Entre outros males, dessa fraudulência resultaram ao menos sete mortes.
É um caso com várias faces de alta gravidade. Os pacientes
não eram voluntários, não estavam expostos aos riscos da pesquisa por
solidariedade humanitária. Buscavam tratamento para um mal e receberam
progressão do padecimento e maior risco de morte, até consumada.
São crimes monstruosos e simultâneos: a adoção
obrigatória de remédios com ineficácia cientificamente comprovada para a doença
constatada, a redução dos pacientes a cobaias sem conhecimento da pesquisa, e
as mortes que, nesses procedimentos próprios de pesquisas nazistas, foram
assassinatos conscientes.
Conscientes, com certeza, porque aceito o risco de
morte dos pacientes, com o tratamento cientificamente reprovado. E porque,
ainda mais claro, ocorrida a primeira morte, ou as primeiras, o falso
tratamento continuou para proporcionar a fraudulência confirmatória da eficácia
propalada por Bolsonaro, no seu furor contra a vida.
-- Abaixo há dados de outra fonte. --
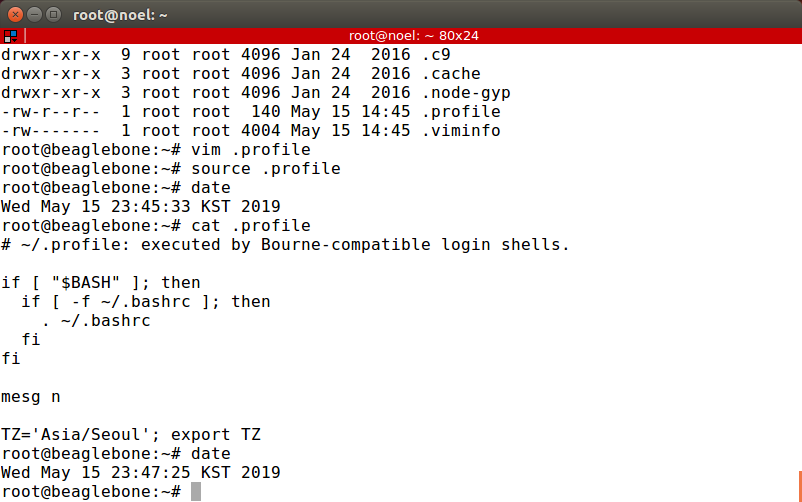 맨 아래에 TZ='Asia/Seoul'; export TZ 추가

Não se sabe quantos foram os mortos, de fato. Já por
definição, o que é fraude não é confiável. A empresa denunciada cumpre a praxe
e reclama de propósitos difamatórios dos denunciantes. A CPI já trabalha, no
entanto, até com gravações que determinam sigilo na pesquisa e brindam
Bolsonaro com útil citação.
Esse
e demais crimes que passam por Bolsonaro, relacionados à
pandemia, são do tempo da sua sensação de predomínio. Hoje, o êxito comprovado
da vacinação desmoraliza os jacarés de sua mente, seu apoio público evapora,
cai em derrotas sucessivas, Bolsonaro se esvai em sinais de desespero —visíveis
até na sua humilhante mansidão.
Contudo nada disso muda sua índole. Nem a ambição e
o seu projeto, exposto
ainda antes da candidatura presidencial: "Se um dia eu for
presidente, vou dar um golpe".
Recusar a aceitação do impeachment pelos crimes do
passado, como fazem Arthur Lira e seus recompensados paus-mandados do centrão,
na Câmara, é
abrir oportunidades a Bolsonaro e seus corruptos para mais
bolsonarismos do poder.
Nem mortes excluídas, seja por que modo e motivo
forem. Violência, inflação, custo de vida, desemprego: o país desce empurrado
para o desastre insondável.
O cidadão tem o direito de conhecer bem os
que impedem a primeira providência capaz de sustar a descida. E
os meios de comunicação têm o dever de proporcionar esse conhecimento cívico
aos cidadãos. Congressistas nas vantagens sem limite nem moral, eles são tão
responsáveis pelo havido e pelo que houver quanto Bolsonaro e seus
quadrilheiros.
FALADORES
Marcelo
Queiroga, ao adotar a ameaça à vida dos adolescentes: "O senhor
[Bolsonaro] tem conversado comigo sobre esse tema e fizemos uma revisão
detalhada no banco de dados do DataSus". Os médicos verdadeiros mudam
opiniões dos presidentes.
Fernando
Henrique: "É chegada a hora de um toque de alerta",
"o presidente tem arroubos que não condizem com o futuro
democrático".
Logo depois: "Ele não vai conseguir, nem creio
que ele tenha o objetivo de conseguir". Se não tem, toque de alerta para
quê? Defesa da democracia por quê? Por que precisamos estar "juntos em
defesa da liberdade"?
Gilmar
Mendes: "Temos de acreditar na boa-fé de Bolsonaro". E na
de quem emite tal recomendação?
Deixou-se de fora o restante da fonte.